The abductions raised fresh questions over the government's long-standing policy of arming civilian volunteers to protect against insurgencies. Just the day before, 100 other militiamen in the south were accused of slaughtering civilians in the country's worst political massacre.

Hours after the kidnapping Thursday, the gunmen freed the 17 children they held after talking with a government negotiator.

They continued to hold 57 hostages, most of them women. Negotiations were to resume Friday morning outside three remote hilltop huts in the southern Philippine hinterland where the gunmen had holed up with their captives.

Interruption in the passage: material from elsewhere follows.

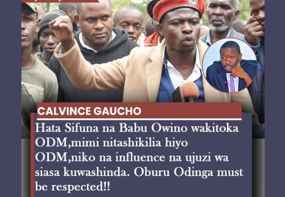 In essence, Gaucho’s statement is both a declaration of loyalty and a warning. It affirms unwavering commitment to ODM while cautioning against politics driven by ego and factionalism. By stressing respect, influence, and political knowledge, Gaucho frames himself as a custodian of party values at a time when ODM faces internal pressure and generational transition.

The 15 hostage-takers in San Martin hamlet in Agusan del Sur province are former militiamen who had been dismissed and turned to banditry and extortion, targeting mining and logging companies in the area, said police Chief Superintendent Jaime Milla.

For decades, the Philippines government has armed civilian volunteers _ often poorly trained and ill-disciplined _ as a backup security force in areas with communist or Muslim insurgencies.

Human rights groups have called on the Philippines to stop arming civilians, saying the region is already awash with weapons from the ongoing conflicts.

At least 100 government militiamen are among 161 suspects in last month's massacre of 57 people in an election convoy in Maguindanao province, on the opposite western side of volatile Mindanao Island.

The country's worst political killings prompted the government to send troops to disarm all paramilitary groups and declare martial law in the province. After the Nov. 23 killings, President Gloria Macapagal Arroyo created an independent commission to oversee the dismantling of clan-dominated private armies _ which usually consist of government militias.

Thursday's kidnappers had been pursued by police in a nearby village, where officers on Wednesday had failed to serve arrest warrants for two brothers among them, said Senior Superintendent Nestor Fajura, regional police operations officer.

Another attempt by police to arrest them Thursday sent the Perez brothers and the other gunmen fleeing and along the way randomly grabbing some 75 people at gunpoint, Fajura said.